**Material shown:**
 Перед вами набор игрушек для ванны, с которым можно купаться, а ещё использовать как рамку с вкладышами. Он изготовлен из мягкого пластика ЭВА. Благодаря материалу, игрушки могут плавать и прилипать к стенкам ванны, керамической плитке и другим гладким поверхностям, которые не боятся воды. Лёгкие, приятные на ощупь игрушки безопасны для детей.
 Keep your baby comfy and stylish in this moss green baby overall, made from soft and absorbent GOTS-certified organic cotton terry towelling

--

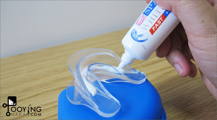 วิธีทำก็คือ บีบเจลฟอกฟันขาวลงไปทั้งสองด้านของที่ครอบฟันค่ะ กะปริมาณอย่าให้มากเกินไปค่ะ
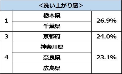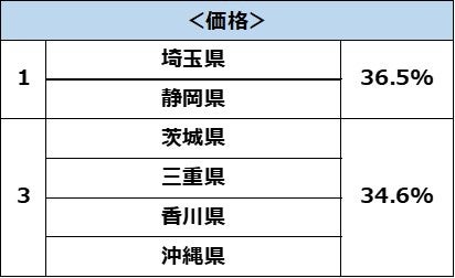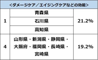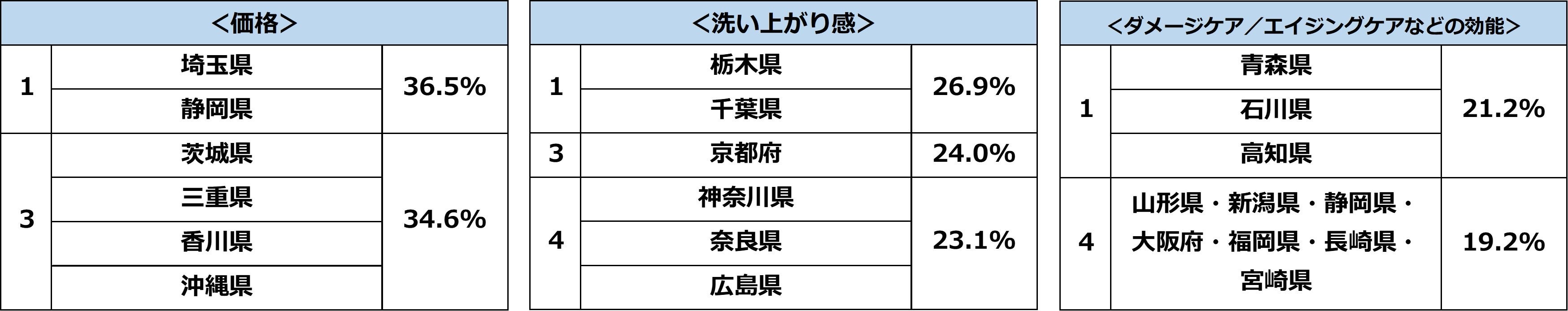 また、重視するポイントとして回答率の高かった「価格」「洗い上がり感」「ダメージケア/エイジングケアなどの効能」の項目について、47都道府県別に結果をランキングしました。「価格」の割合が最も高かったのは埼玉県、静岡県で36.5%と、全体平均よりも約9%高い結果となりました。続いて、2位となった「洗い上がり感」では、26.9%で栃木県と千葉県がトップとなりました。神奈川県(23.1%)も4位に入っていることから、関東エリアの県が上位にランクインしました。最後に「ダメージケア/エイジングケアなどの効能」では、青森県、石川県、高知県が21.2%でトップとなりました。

--

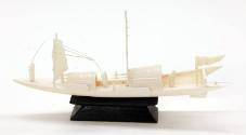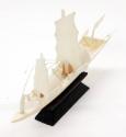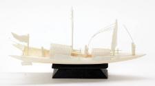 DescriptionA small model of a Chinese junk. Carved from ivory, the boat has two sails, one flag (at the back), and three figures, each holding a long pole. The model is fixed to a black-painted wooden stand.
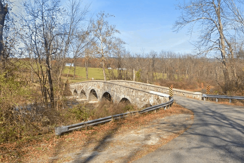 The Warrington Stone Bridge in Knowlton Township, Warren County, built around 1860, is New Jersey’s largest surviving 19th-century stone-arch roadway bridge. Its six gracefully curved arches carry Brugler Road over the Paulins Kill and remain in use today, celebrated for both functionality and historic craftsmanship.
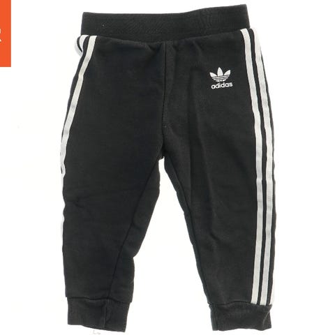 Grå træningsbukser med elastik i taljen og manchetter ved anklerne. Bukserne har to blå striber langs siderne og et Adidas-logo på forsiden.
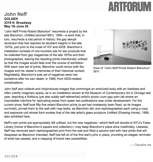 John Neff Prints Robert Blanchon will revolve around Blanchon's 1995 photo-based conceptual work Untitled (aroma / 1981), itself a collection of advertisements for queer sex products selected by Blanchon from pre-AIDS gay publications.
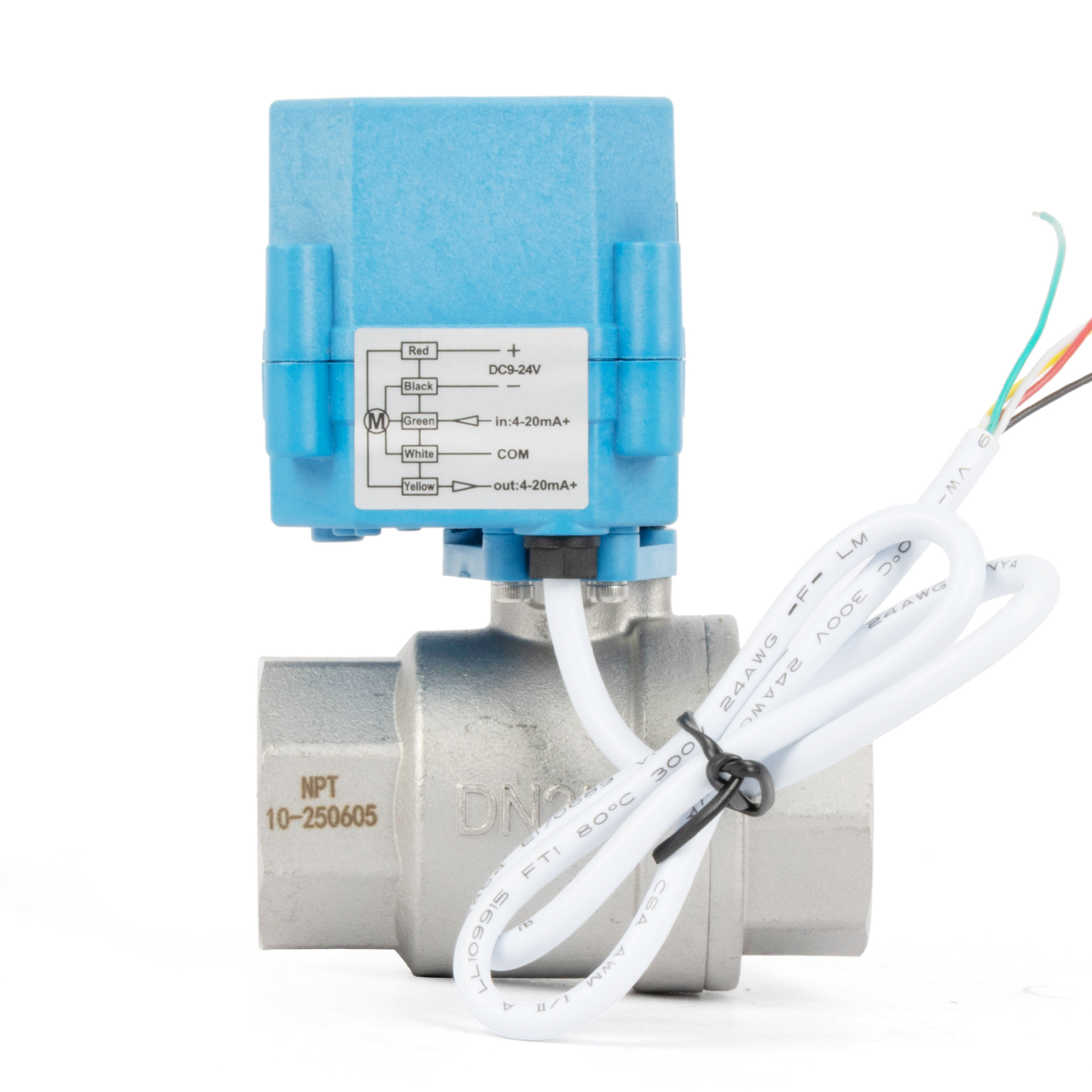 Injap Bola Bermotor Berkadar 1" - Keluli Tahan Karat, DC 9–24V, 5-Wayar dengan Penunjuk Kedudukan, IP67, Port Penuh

**Task requirements:**
Take from the material above the lines running from the one with "Перед вами набор" through the one with "Keep your baby", and repeat them exactly, with nothing else.

**Solution to this task:**
 Перед вами набор игрушек для ванны, с которым можно купаться, а ещё использовать как рамку с вкладышами. Он изготовлен из мягкого пластика ЭВА. Благодаря материалу, игрушки могут плавать и прилипать к стенкам ванны, керамической плитке и другим гладким поверхностям, которые не боятся воды. Лёгкие, приятные на ощупь игрушки безопасны для детей.
 Keep your baby comfy and stylish in this moss green baby overall, made from soft and absorbent GOTS-certified organic cotton terry towelling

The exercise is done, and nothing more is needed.